Sól fizjologiczna stosowana w zespole suchego oka to błąd!
Sól fizjologiczna to jałowy, 0,9 proc. roztwór, który znajduje wiele zastosowań. Używana jest do przemywania dziecięcych oczu i nosków, inhalacji czy oczyszczania skaleczeń i ran. W okulistyce jest bezpiecznym środkiem do przepłukania oka, gdy dostanie się do niego ciało obce, np. rzęsa czy piasek, oraz działa wspomagająco w leczeniu zapalenia spojówek.
Jednak sól fizjologiczna wciąż błędnie jest stosowana w zespole suchego oka. Dlaczego? Wyjaśnia dr Małgorzata Zaraś.
Roztwór soli fizjologicznej zwilża jedynie powierzchnię oka. Kontrowersyjne jest stosowanie tego preparatu jako substancji nawilżającej w zespole suchego oka. To poważna choroba związana z zaburzeniem równowagi powierzchni oka, wynikającej ze zmniejszonej produkcji łez lub nadmiernego ich odparowywania. Zapuszczona sól fizjologiczna tylko chwilowo zwilża i odświeża, ale jej regularne stosowanie może zaburzyć naturalny film łzowy.

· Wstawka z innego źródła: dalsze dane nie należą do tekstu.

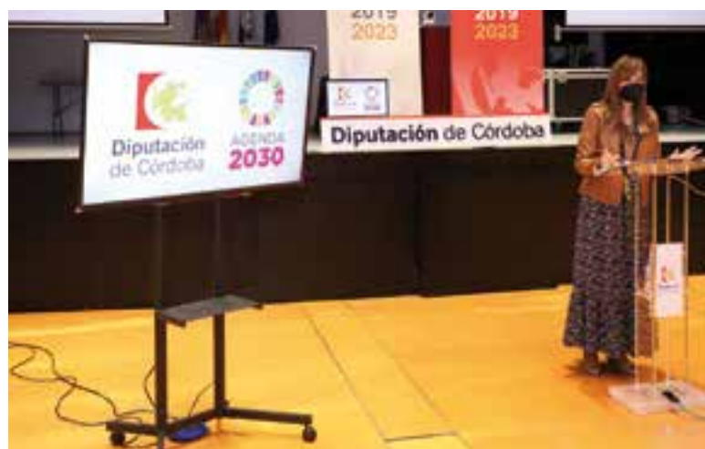
Esta subvención permitirá reorganizar los archivos

De igual modo, Cañete recordó que "la convocatoria permitirá a los ayuntamientos cumplir con la normativa que obliga a la accesibilidad y transparencia de los archivos municipales mediante su digitalización".

Poza tym kropla wodnego roztworu nie utrzymuje się długo na powierzchni oka - odparowuje i odpływa do dróg łzowych po kilku mrugnięciach. Jeśli miałaby być skuteczna, nawilżanie trzeba by było powtarzać bardzo często. To natomiast przyczyniłoby się do "zmywania" z powierzchni oka trójwarstwowego filmu łzowego.
Należy stosować krople nawilżające. Często jako pierwsze lekarz przepisuje pochodne hialuronianu, który jest naturalnym składnikiem łez. Preparat nie powinien zawierać konserwantów, które zwykle uczulają i wysuszają gałkę oczną. Jeśli krople nawilżające nie przynoszą ulgi, to okulista często po badaniu zaleca emulsje jednocześnie nawilżające i natłuszczające gałkę oczną.
W leczeniu tego schorzenia ważną rolę odgrywa też stan zapalny powierzchni oka, obecnie łagodzony preparatami ze sterydem. Nie należy się go obawiać. Z odpowiednio dobranymi kroplami szybko poprawia jakość nawilżenia powierzchni oka.